> **Data extract**

((

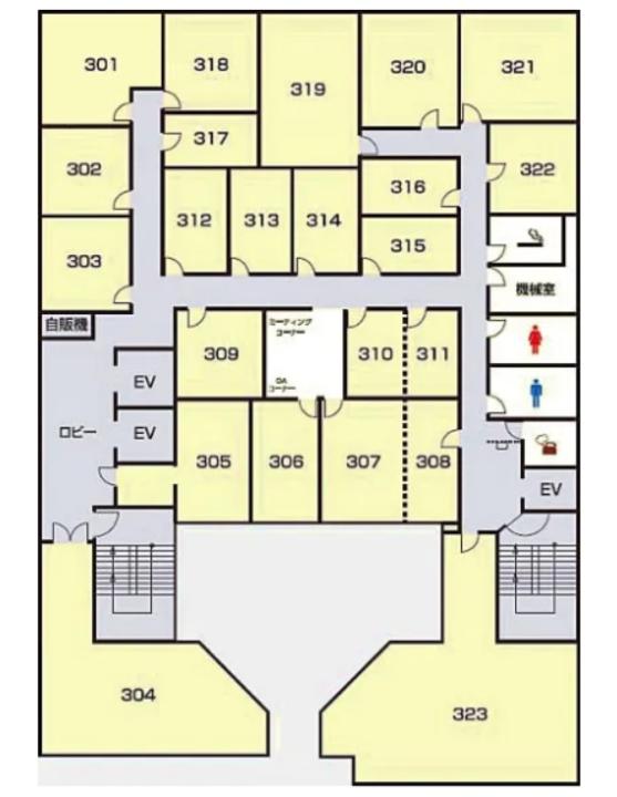 - 共用部に複合機設置のOAスペース完備 応接室・会議室・イベント室設備あり 給湯室・トイレ(男女別)共用部にあり 窓無し区画
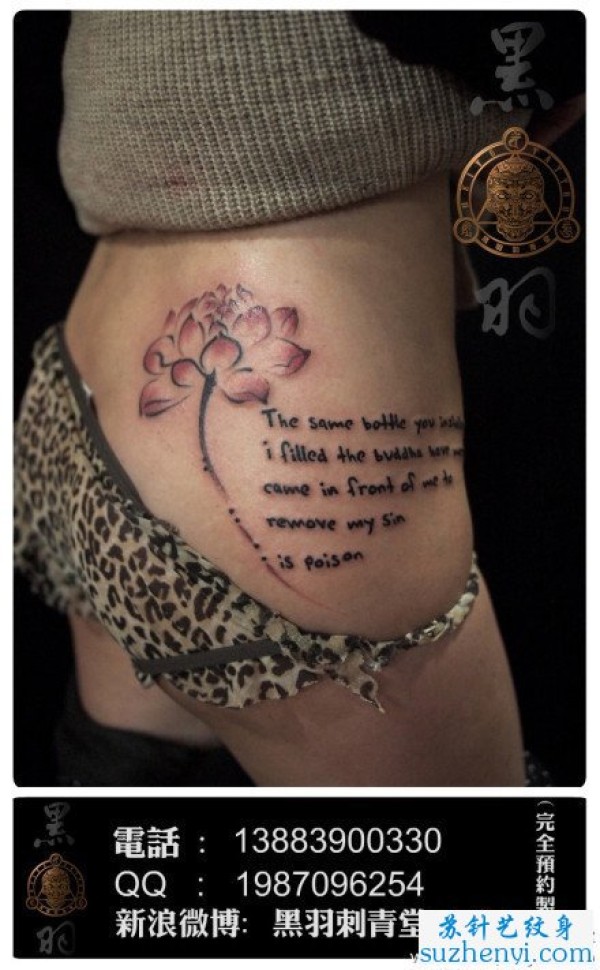 腰部水墨莲花与字母纹身_字母纹身图案大全_纹身图吧
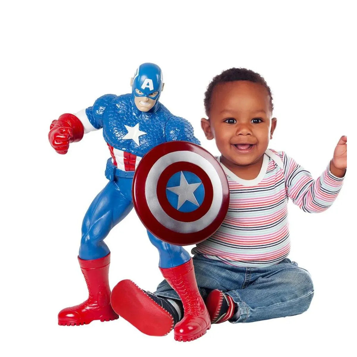 Leve para casa toda a força e coragem do super-herói mais patriota da Marvel com este incrível boneco do Capitão América! Este brinquedo traz o personagem em detalhes impressionantes, com seu clássico uniforme azul, escudo indestrutível e a estrela no peito que simboliza justiça e heroísmo.

))

> **Exercise goal**
Return an exact transcription of the material, with its pictures left out.

> **Exercise answer**
 - 共用部に複合機設置のOAスペース完備 応接室・会議室・イベント室設備あり 給湯室・トイレ(男女別)共用部にあり 窓無し区画
 腰部水墨莲花与字母纹身_字母纹身图案大全_纹身图吧
 Leve para casa toda a força e coragem do super-herói mais patriota da Marvel com este incrível boneco do Capitão América! Este brinquedo traz o personagem em detalhes impressionantes, com seu clássico uniforme azul, escudo indestrutível e a estrela no peito que simboliza justiça e heroísmo.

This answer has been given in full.